Perhaps the winter is over forever:
“At the same time, I don’t think there will be an ‘AI winter’ again, where hype cycles happen and there’s no more funding, and so on, because AI is now running in production,” Richard Socher said during an onstage interview at a Bloomberg event today. “Google search and social media, and now enterprises, are using AI on an ongoing basis — they’re seeing great returns on those investments.”
“There’s definitely hype,” adds Ng, “but I think there’s such a strong underlying driver of real value that it won’t crash like it did in previous years.”
Some of the recent boom in AI/ML has been the result of genuine innovation. Neural networks, tensors, and increasing efficiency hardware efficiency mean that artificial intelligence is concretely better today than it was in the recent past.
But too often we’re drawing a straight line from where we are to the utopian future, and assuming that future is right around the corner. What looks like a technological revolution right now is also a lucky alignment of economics and consumer attitudes, all of which are fickle and constantly changing.
What might happen is that machine learning succeeds despite the public’s lack of trust, and it becomes an antagonist. Products will advertise that they’re curated by humans, or at least that there are human moderators. That’ll become a selling point, that there is common sense that catches self-reinforcing evil cycles in feed-organization and other mechanisms. Companies use machine learning behind the scenes, but it disappears from their product marketing.

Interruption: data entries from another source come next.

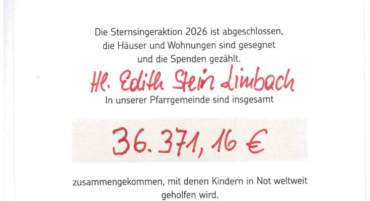 DIe Sternsinger-Aktion in unserer Pfarrei ist abgeschlossen, viele Häuser, Wohnungen, Kindergärten, Schulen, Pflege- und Altenheime und Rathäuser sind von unseren Sternsinger besucht worden und der Segen gebracht worden.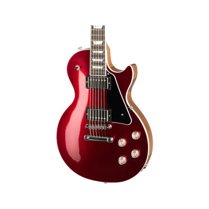 The new Gibson Les Paul™ Modern incorporates many contemporary updates that players have embraced, such as a lighter-weight body and innovative SlimTaper™ neck with an asymmetrical profile. The Modern fingerboard is crafted with genuine ebony and a compound radius for lower and cleaner action. The neck/body joint features the new Modern Contoured Heel for effortless access to the highest frets as well as maximum sustain and stability. Hardware upgrades include Grover® locking Rotomatic® tuners, clear Top Hat knobs, and Burstbucker Pro™ and Burstbucker Pro + pickups. The control assembly features 4 push-pull pots to switch between the Gibson™ humbucker™ and the single coil P-90 sounds, both of which have defined so many genres of music across multiple generations since we invented them, phase switching and pure bypass for functional and versatile sonic variety. The new Gibson Les Paul Modern is here to shape sound for future generations.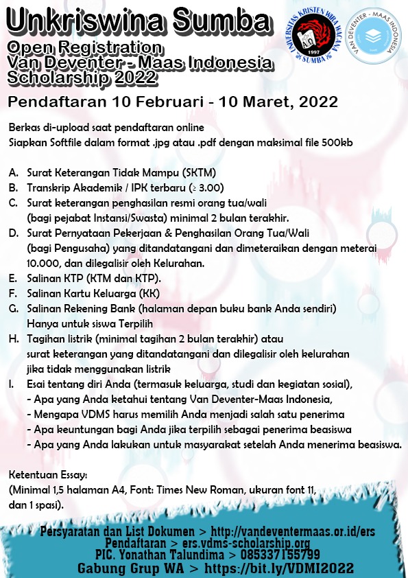 Open Registration Van Deventer-Maas Indonesia Scholarship Tahun 2022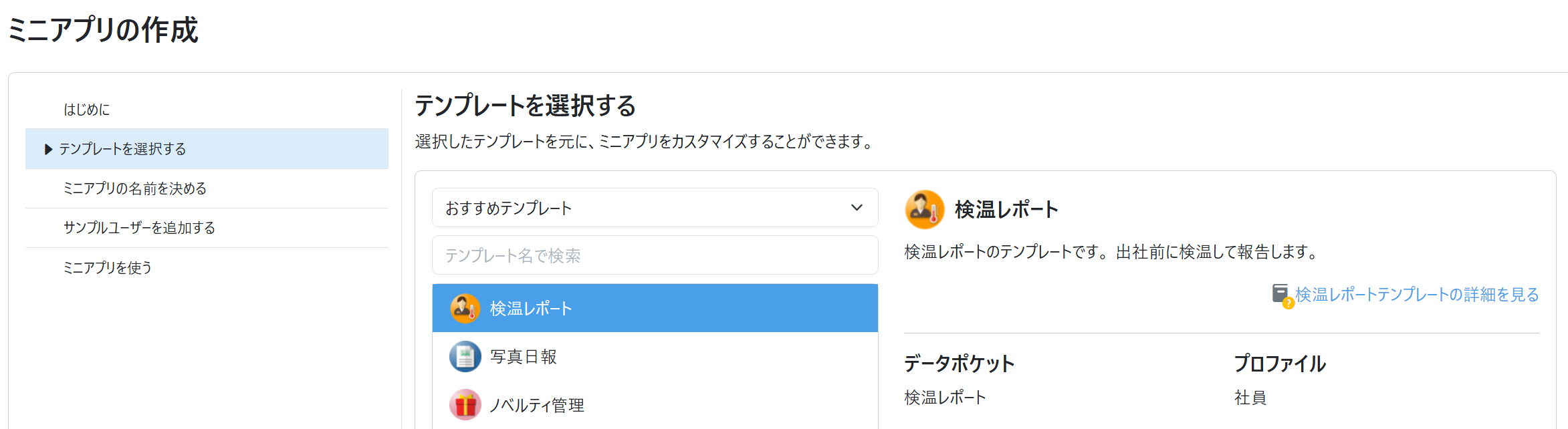 最初に、テンプレート「検温レポート」からミニアプリを作成します。手順はガイド「ミニアプリを作成」を参照してください。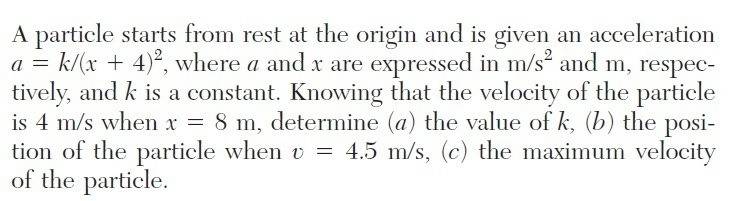 I even got stuck when I thought about it briefly. When the particle's velocity reaches maximum , the acceleration must be 0 , and either k=0 or x must be at infinity . After that , I have no idea what i can do about it . Shall I use definite integration (from 0 to infinity) or indefinite integration (which leaves the integration constant C )? what I am sure is merely that k has to be obtained by integration and the given numerical data.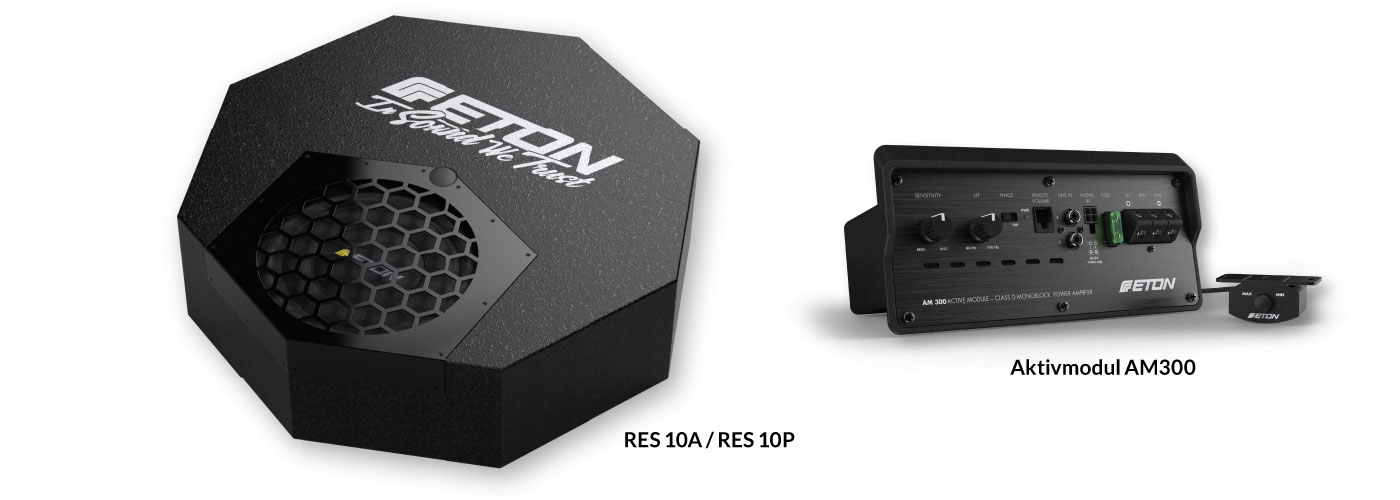 ETONs Subwoofer für die Reserveradmulde, als Aktiv- und Passiv-Variante erhältlich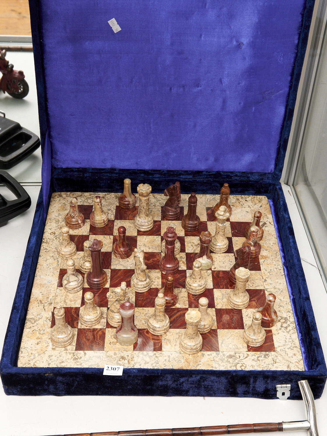 A VINTAGE MARBLE CHESSBOARD IN CASE WITH COMPLETE SET OF CARVED CHESS PIECES 40 X 40CM, LEONARD JOEL DELIVERY SIZE: SMALL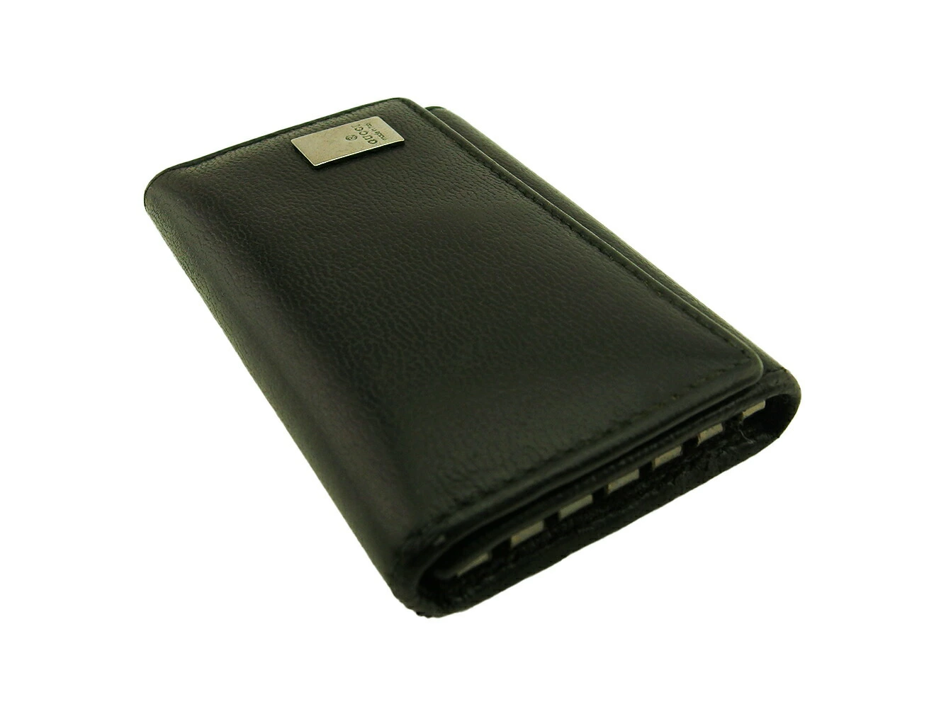 [24% OFF Coupon] Gucci Key Case with Logo Plate, Black and Silver, Women's, Pre-owned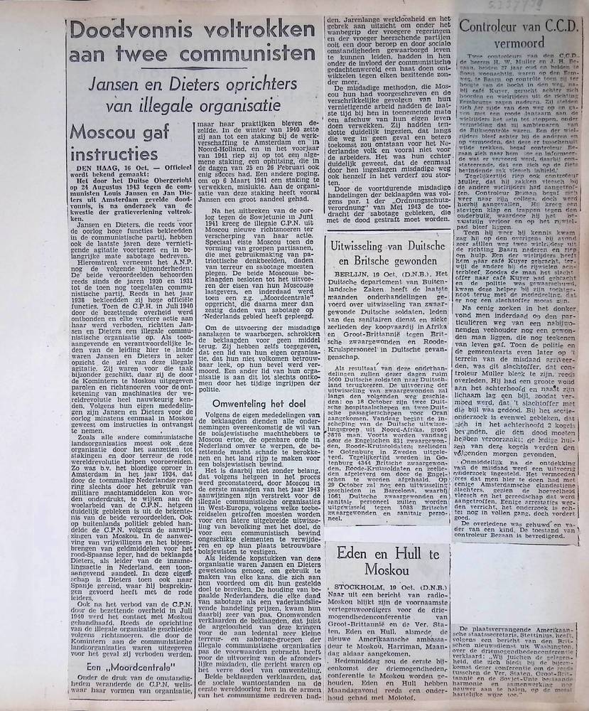 Een aantal krantenknipsels uit de oorlogsperiode 194...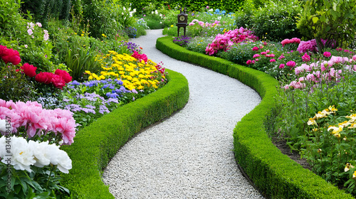garden path, flowerbed, hedge, peony, colorful flowers, floral arrangement, garden design, landscaping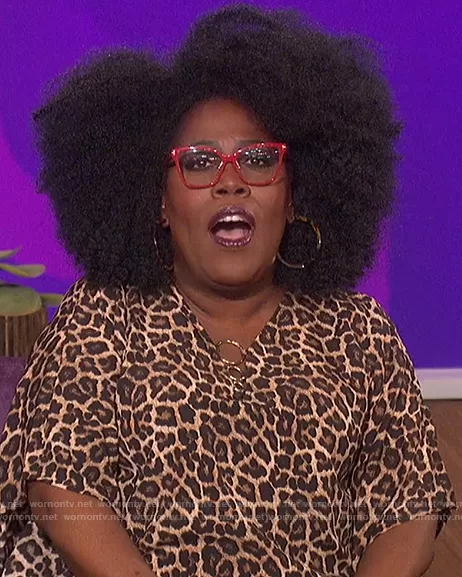 Sheryl Underwood on The Talk on CBS was spotted wearing this leopard print ring embellished top on The Talk on Sep 23 2021's episode. Sheryl's Top is the Plus Size Leopard Printed Top by MICHAEL Michael Kors.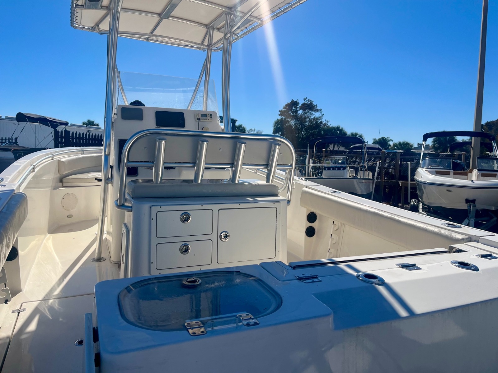 Tried and true, the venerable 237 CC gives you all you need in fishability and family cruising comfort. A stem to stern level deck, flush mount hardware, recessed bow rail, and hideaway aft bench seating provide a roomy and uncluttered fishing platform. Add to that standard features like an aerated 28 gallon livewell and two, in-deck 40 gallon fish boxes and this boat comes tournament ready. Schedule your sea trial today!
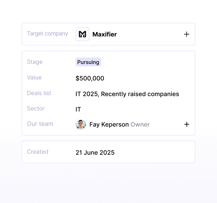 Your team already knows what a good deal looks like. Atlas takes that knowledge and builds it into your workflow. You define the signals, stages, and outcomes that matter most. The BD assistant then scores opportunities based on how well they align to your proven approach, so your whole team benefits from your best thinking on every deal.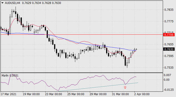 На четырёхчасовом графике конвергенция выражена более заметно, но её второе дно (отмечено стрелкой) расположено очень близко к нулевой линии осциллятора, что также является признаком слабости формации, а сама сигнальная линия уже показывает намерение развернуться вниз. Цена достигла индикаторную линию Крузенштерна, теперь может любым образом совершать в её ближайшей области любые движения вплоть до выхода американских данных по труду. Ждём этих данных.Наш основной сценарий предполагает снижение цены на оптимистичных данных и последующую отработку целей 0.7500 и 0.7375.
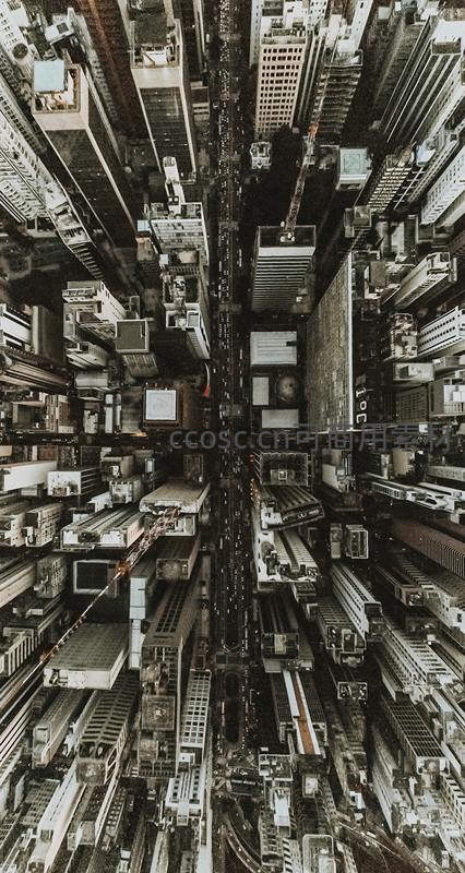 鸟瞰城市峡谷高楼林立车水马龙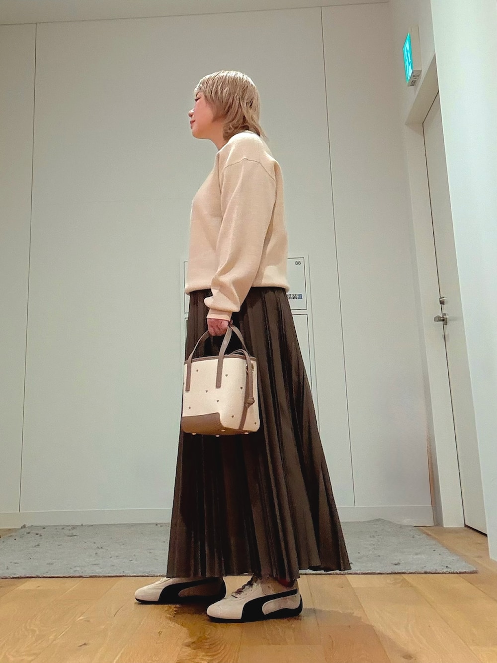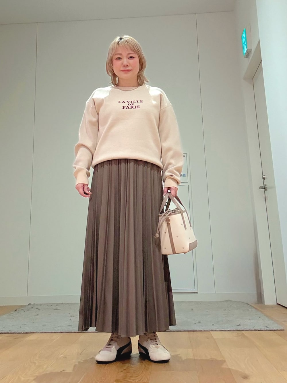 人気のロゴニットと合わせました。ニットとロゴの相性抜群、カジュアルすぎずに着れるところが嬉しいポイントです。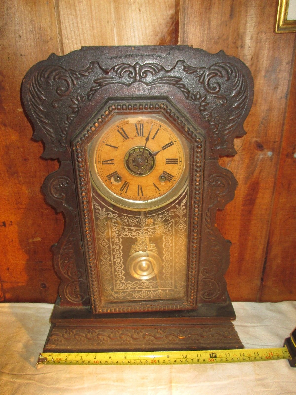 Title (ebay affiliate link): ANTIQUE ANSONIA MAHOGANY GINGERBREAD WALL OR MANTEL CLOCK 4 PARTS OR REPAIR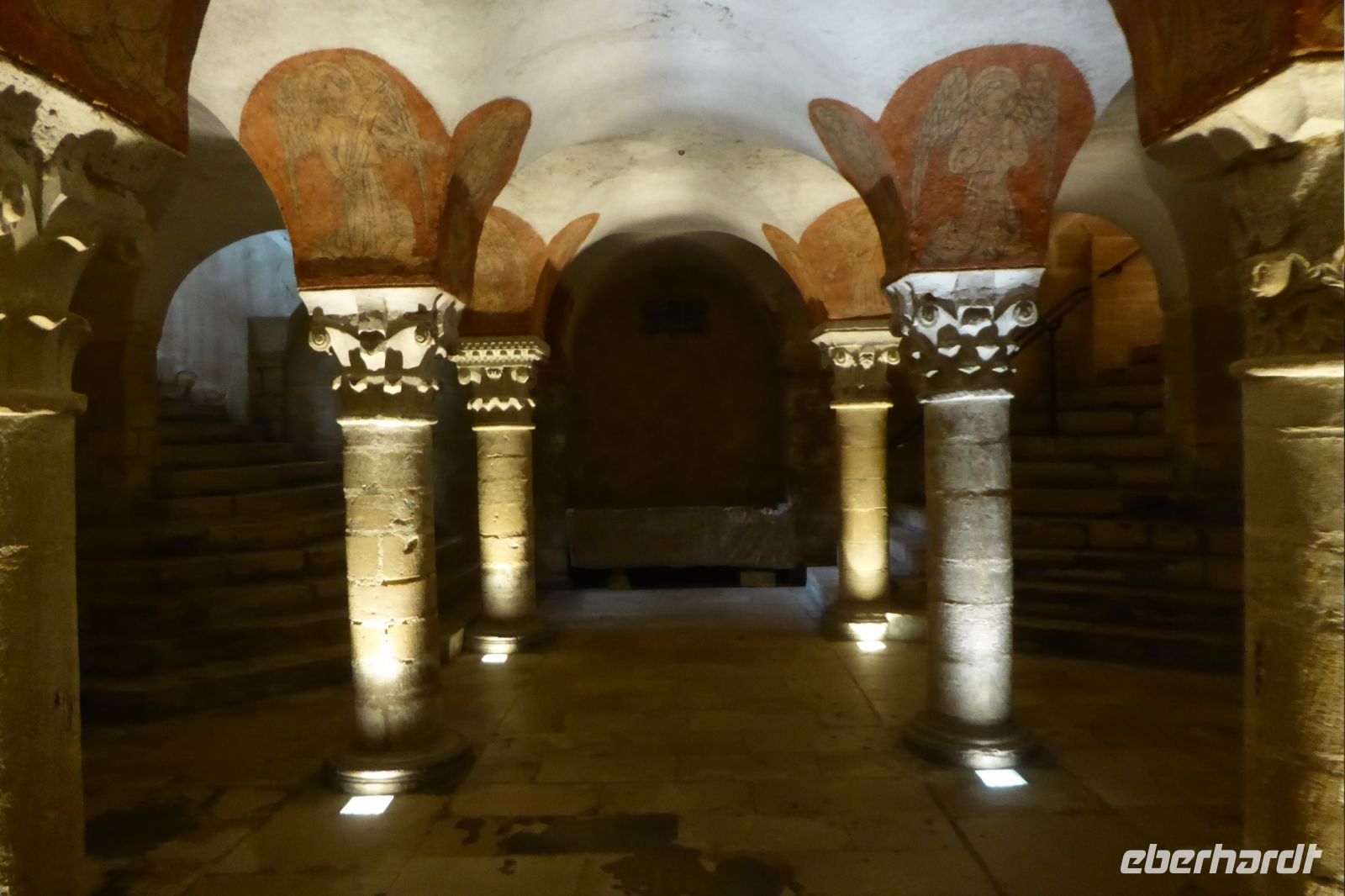 Anschließend bummelten wir durch das hübsche Städtchen zur Kathedrale, die von einem beeindruckenden Vierungsturm überragt wird. Die Kirche ist Maria gewidmet und präsentiert sich heute als dreischiffige Kreuzbasilika mit einer beeindruckenden Länge von 96 Metern. Die Krypta sei der Rest einer im elften Jahrhundert abgebrannten voromanischen Kathedrale, deren Kapitelle mit der Formenvielfalt der romanischen Steinbildhauer überraschen. Beeindruckend sind auch die Fresken musizierender Engel. Eine leichter Regenschauer begleitete uns zurück zum Bus.

Or perhaps what we’re seeing right now is the validation / invalidation of the technology in different domains. It’ll succeed in recognition and categorization tasks to the point that programmers will be able to call a
detect() routine and it ‘just works.’ We’ll gradually forget it was ever a hot trend, and just rely on that part of computing being fixed. But we’ll also forget about the hype that this was going to solve everything, and the rest of our technology landscape will look pretty much the same.
Or, maybe, it’ll all just work out. I kind of like Umer Mansoor’s take the best:
AI is not magic and the hype will die down, but the next AI winter will be more like a California winter, not a Canadian one.